WORK REQUIRED:
Leaving the pictures aside, transcribe only and exactly the lines from the one with "Fil 39cm 24pc" through the end of the entries, both included.

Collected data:

Start of Block

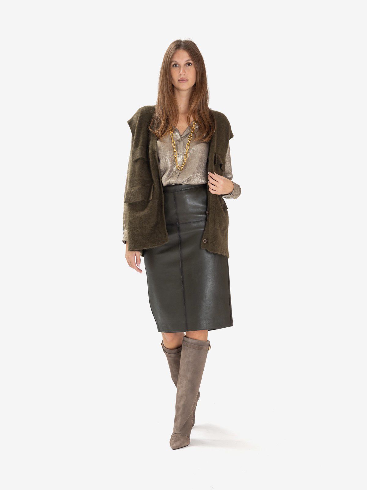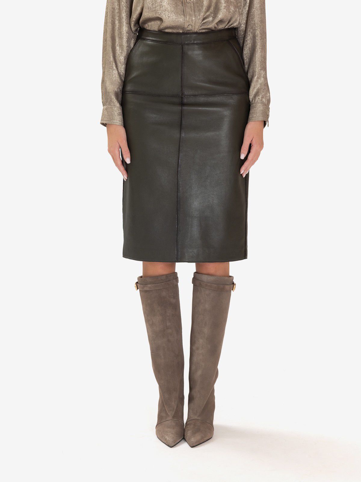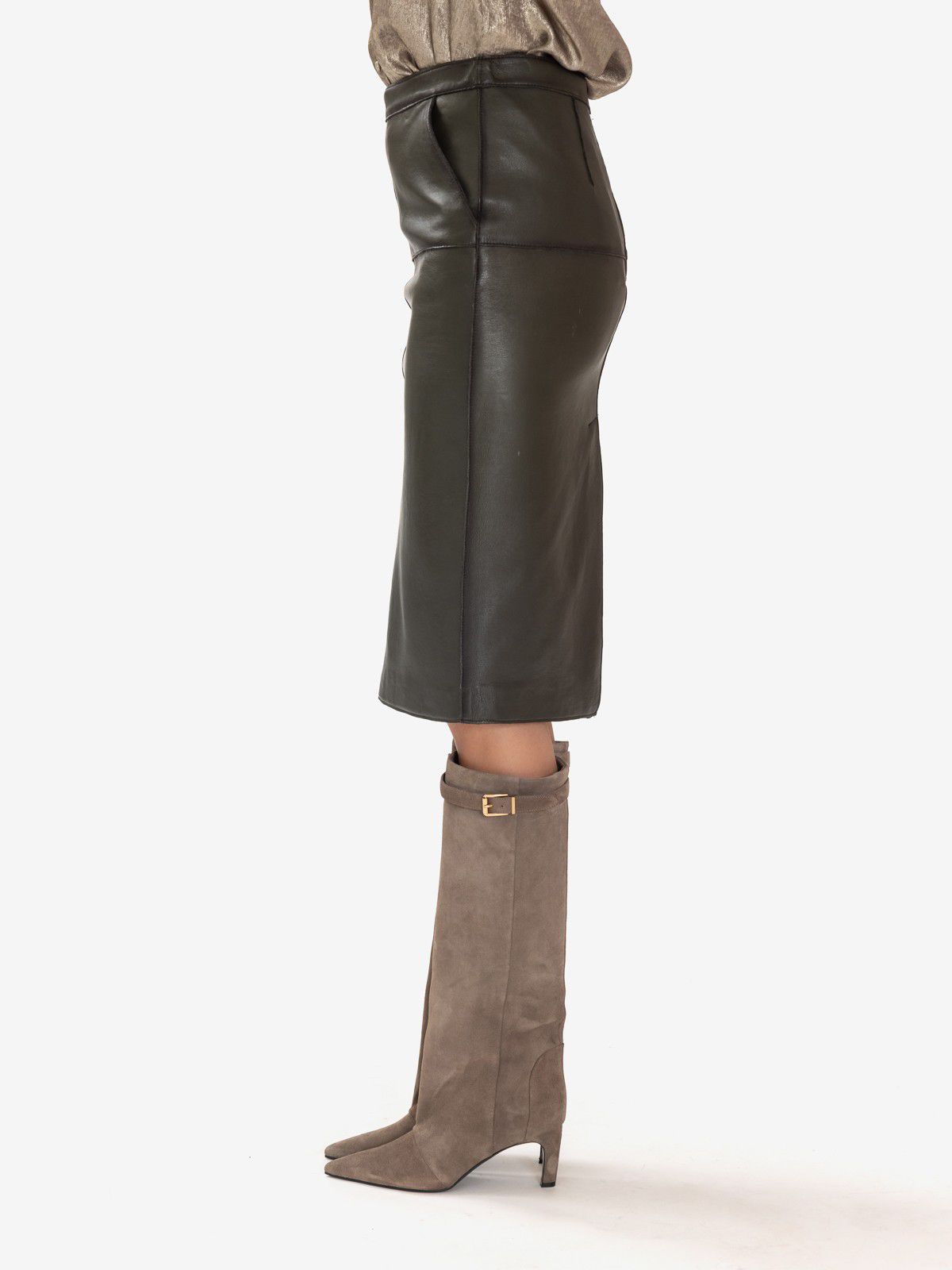 Gonna tubino in pelle verde oliva con spacco posteriore.
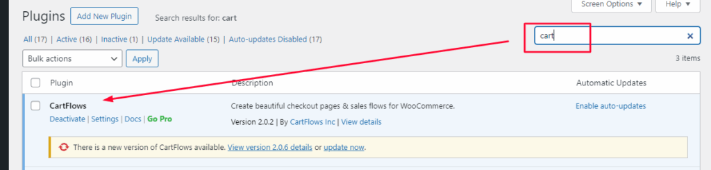 Click on “Add new plugin” and type “cart” inside the search bar. You will now have multiple plugins to choose from, for this documentation we will use Cartflows.
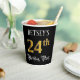 This ornate and fancy birthday-themed paper cup design features a customizable name and the message “24th Birthday Party”. The large number “24th” has a faux/imitation gold-inspired coloring pattern, the words “Birthday Party” are in elegant script-style text, and the background is colored black by default (although it can be customized). Elegant, opulent paper cups like this might be useful at a birthday celebration being held to honor somebody’s twenty fourth birthday. [~Z0000567]
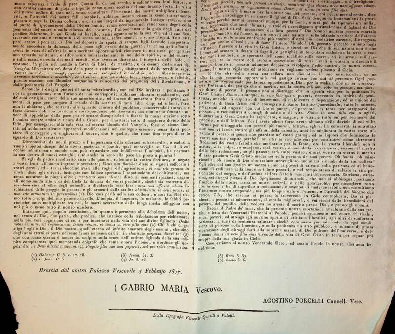 Nel 1816-1817 ci fu nel bresciano una grave carestia, sentita in maniera drammatica soprattutto nelle valli. In quello stesso periodo si scatenò un’epidemia di tifo petecchiale.
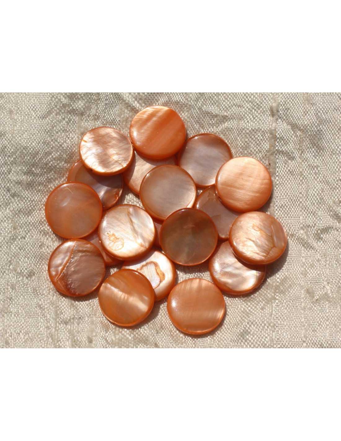 Fil 39cm 24pc environ - Perles Coquillage Nacre Palets Ronds plats 14-15mm Orange
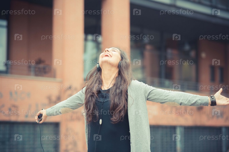 Молодая красивая брюнетка в наушниках

End of Block

EXPECTED OUTPUT:
 Fil 39cm 24pc environ - Perles Coquillage Nacre Palets Ronds plats 14-15mm Orange
 Молодая красивая брюнетка в наушниках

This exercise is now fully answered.